Records follow. Print exactly the lines from the one that has "Na zahradě se" through the one that has "Geen betere plek", inclusive, and omit the pictures.

**RECORDS FOR THE TASK:**
'''
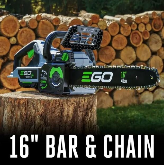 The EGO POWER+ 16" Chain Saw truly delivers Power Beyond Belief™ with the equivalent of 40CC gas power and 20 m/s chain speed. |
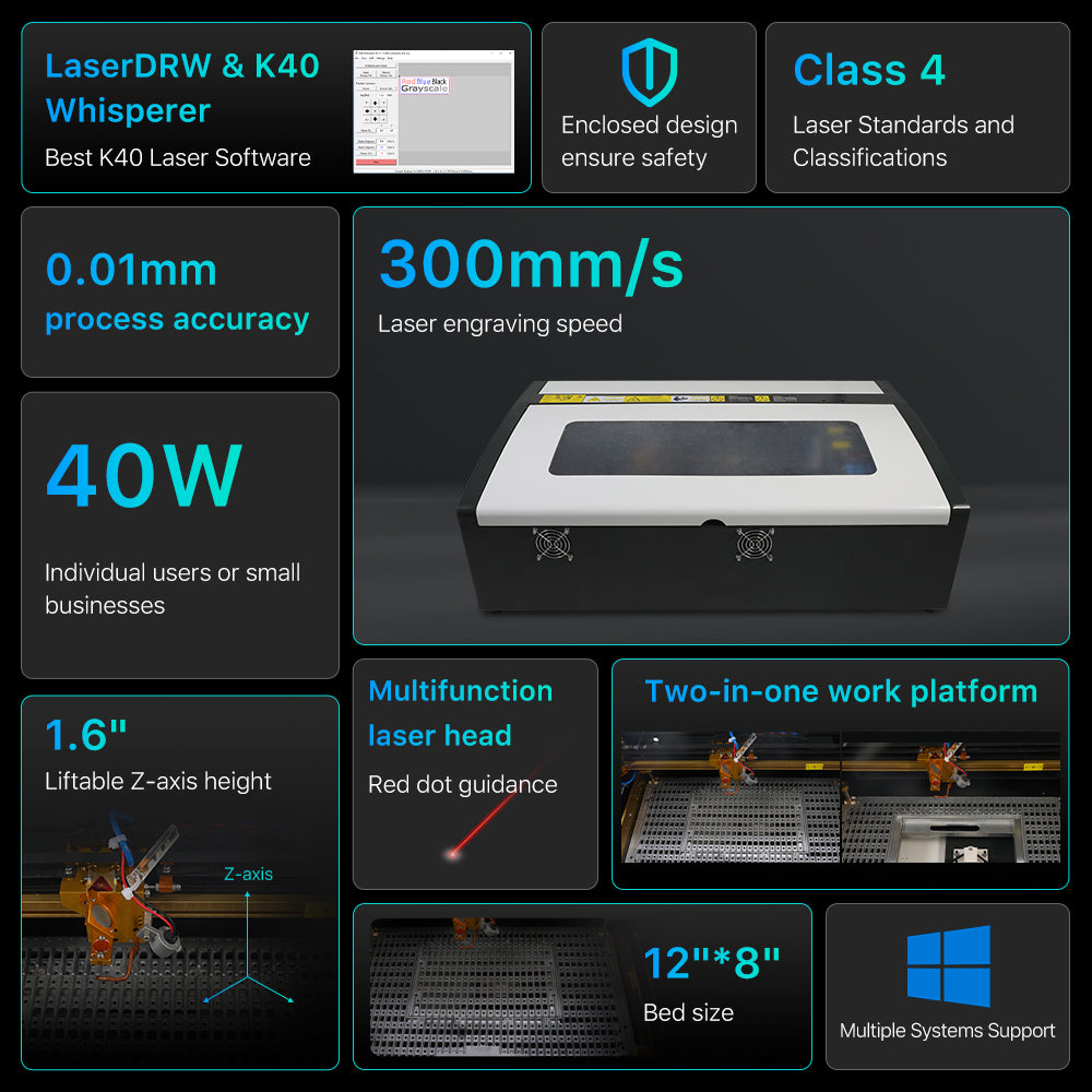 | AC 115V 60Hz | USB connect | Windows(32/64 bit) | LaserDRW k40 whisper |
'''
'''
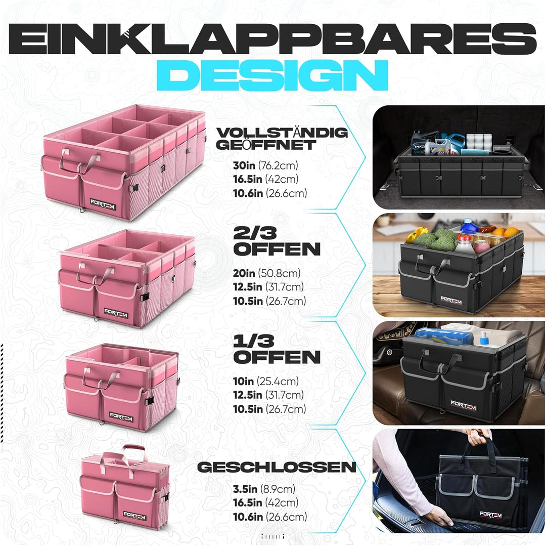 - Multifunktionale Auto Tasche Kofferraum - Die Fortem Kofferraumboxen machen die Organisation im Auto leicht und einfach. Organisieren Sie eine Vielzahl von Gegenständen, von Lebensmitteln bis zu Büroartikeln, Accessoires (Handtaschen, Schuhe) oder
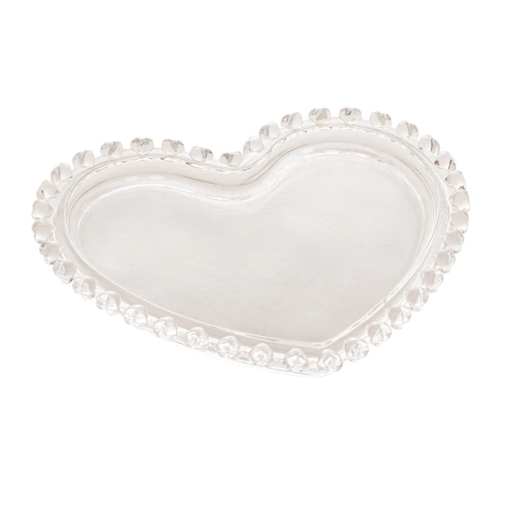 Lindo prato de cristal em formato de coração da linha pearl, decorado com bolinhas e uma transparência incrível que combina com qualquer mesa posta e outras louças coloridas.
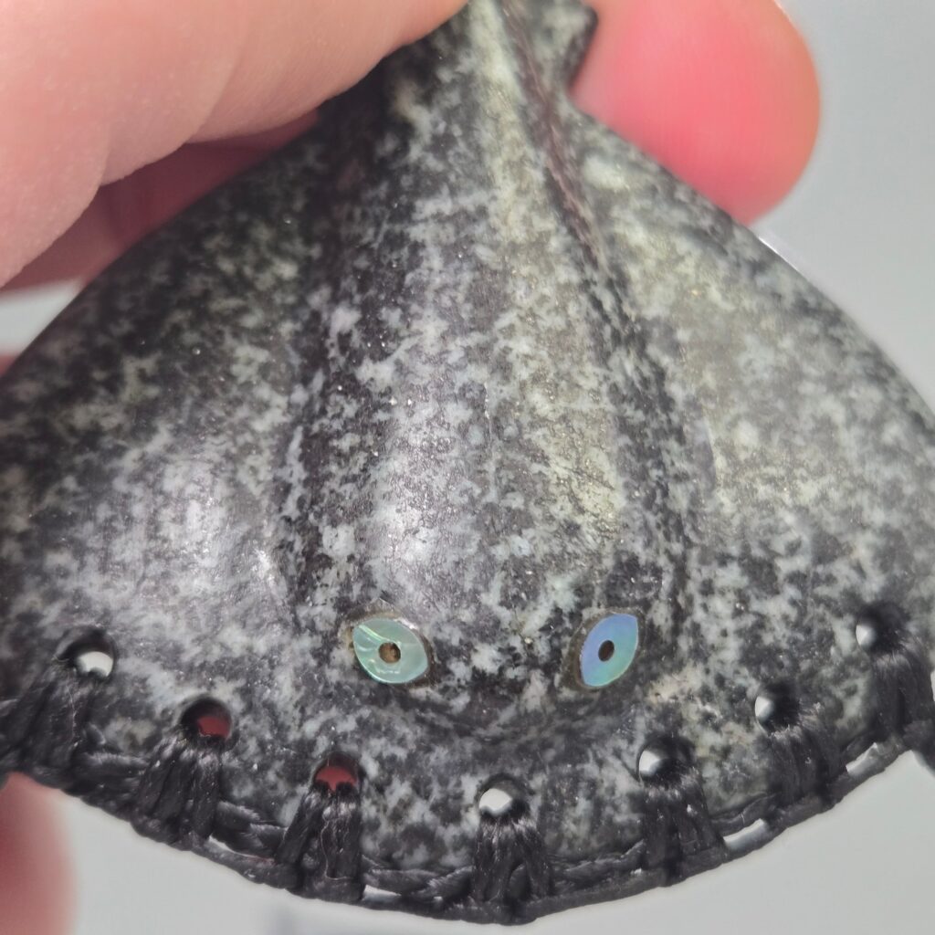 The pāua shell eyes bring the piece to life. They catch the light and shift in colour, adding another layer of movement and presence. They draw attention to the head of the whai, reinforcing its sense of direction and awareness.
'''
'''
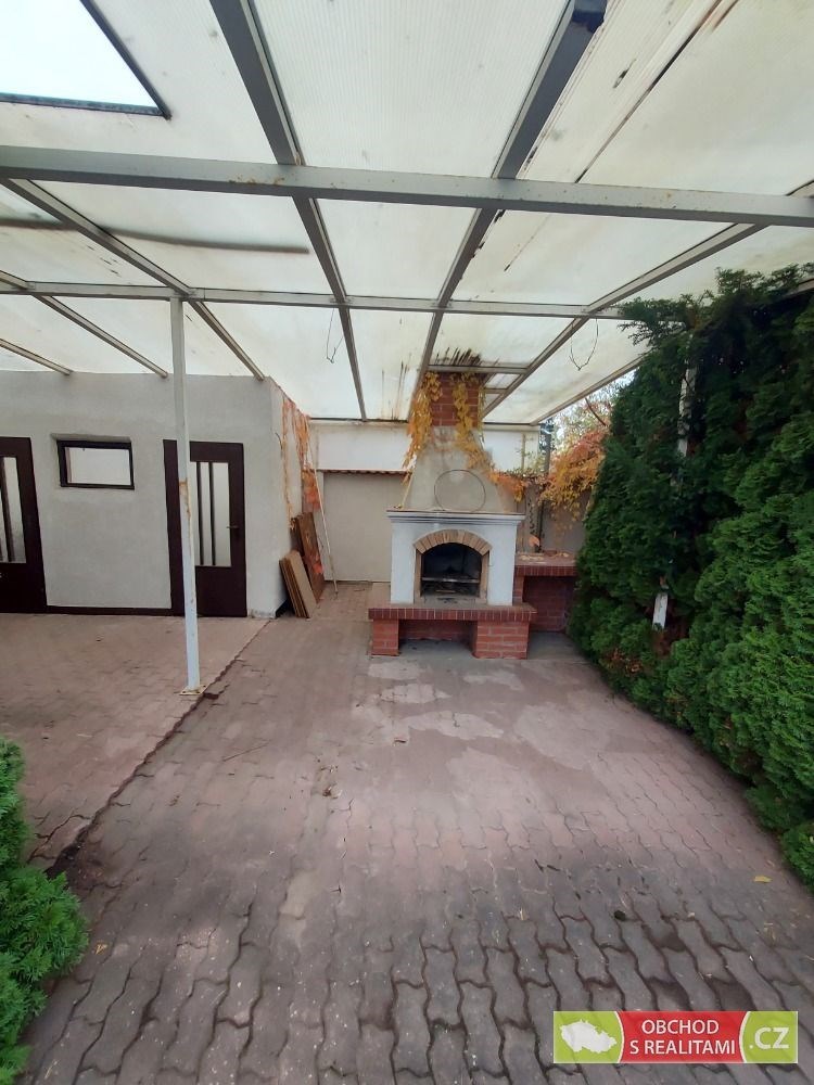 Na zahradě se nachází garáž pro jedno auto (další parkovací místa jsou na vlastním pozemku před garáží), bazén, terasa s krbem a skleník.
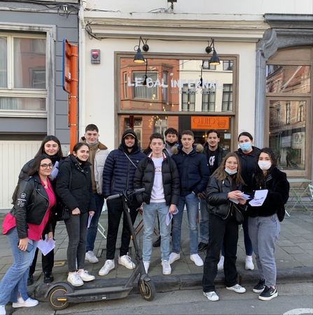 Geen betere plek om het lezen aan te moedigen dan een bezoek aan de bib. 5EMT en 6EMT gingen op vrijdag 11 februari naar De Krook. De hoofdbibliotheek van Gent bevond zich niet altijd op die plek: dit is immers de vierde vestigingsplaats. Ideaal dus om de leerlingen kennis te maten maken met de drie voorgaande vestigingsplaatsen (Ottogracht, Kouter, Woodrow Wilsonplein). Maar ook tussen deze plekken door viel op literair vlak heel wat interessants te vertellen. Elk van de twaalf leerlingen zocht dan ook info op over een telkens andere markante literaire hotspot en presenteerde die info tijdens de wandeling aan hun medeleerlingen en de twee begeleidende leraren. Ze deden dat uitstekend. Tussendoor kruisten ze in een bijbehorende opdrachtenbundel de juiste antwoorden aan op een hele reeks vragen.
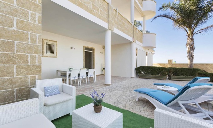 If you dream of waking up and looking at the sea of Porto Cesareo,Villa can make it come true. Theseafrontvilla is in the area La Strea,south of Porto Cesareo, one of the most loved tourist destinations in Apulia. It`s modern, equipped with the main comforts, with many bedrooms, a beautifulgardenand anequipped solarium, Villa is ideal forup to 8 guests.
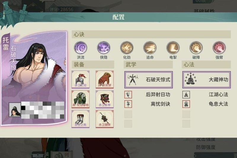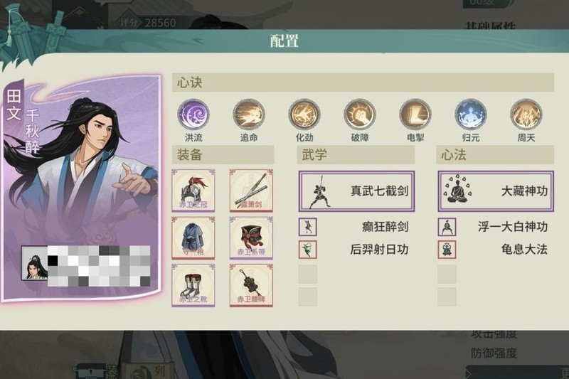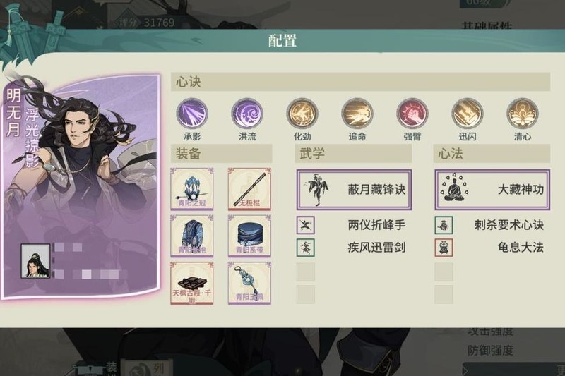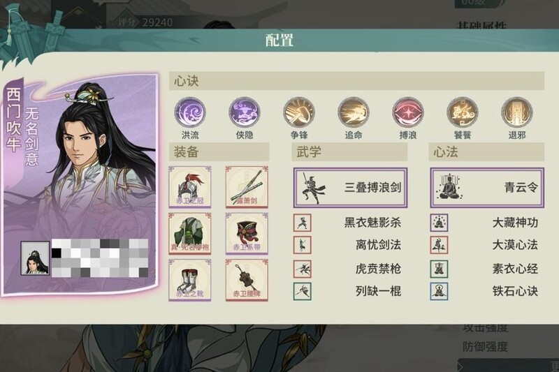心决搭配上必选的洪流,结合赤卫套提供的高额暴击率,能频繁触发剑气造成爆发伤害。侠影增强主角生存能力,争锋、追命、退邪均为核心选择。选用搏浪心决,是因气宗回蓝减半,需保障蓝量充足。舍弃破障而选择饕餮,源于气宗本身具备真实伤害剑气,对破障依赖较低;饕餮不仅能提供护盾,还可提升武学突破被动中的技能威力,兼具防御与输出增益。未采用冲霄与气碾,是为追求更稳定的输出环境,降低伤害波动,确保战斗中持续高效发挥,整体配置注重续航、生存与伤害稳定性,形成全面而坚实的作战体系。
'''
**SOLUTION BELOW:**
 Na zahradě se nachází garáž pro jedno auto (další parkovací místa jsou na vlastním pozemku před garáží), bazén, terasa s krbem a skleník.
 Geen betere plek om het lezen aan te moedigen dan een bezoek aan de bib. 5EMT en 6EMT gingen op vrijdag 11 februari naar De Krook. De hoofdbibliotheek van Gent bevond zich niet altijd op die plek: dit is immers de vierde vestigingsplaats. Ideaal dus om de leerlingen kennis te maten maken met de drie voorgaande vestigingsplaatsen (Ottogracht, Kouter, Woodrow Wilsonplein). Maar ook tussen deze plekken door viel op literair vlak heel wat interessants te vertellen. Elk van de twaalf leerlingen zocht dan ook info op over een telkens andere markante literaire hotspot en presenteerde die info tijdens de wandeling aan hun medeleerlingen en de twee begeleidende leraren. Ze deden dat uitstekend. Tussendoor kruisten ze in een bijbehorende opdrachtenbundel de juiste antwoorden aan op een hele reeks vragen.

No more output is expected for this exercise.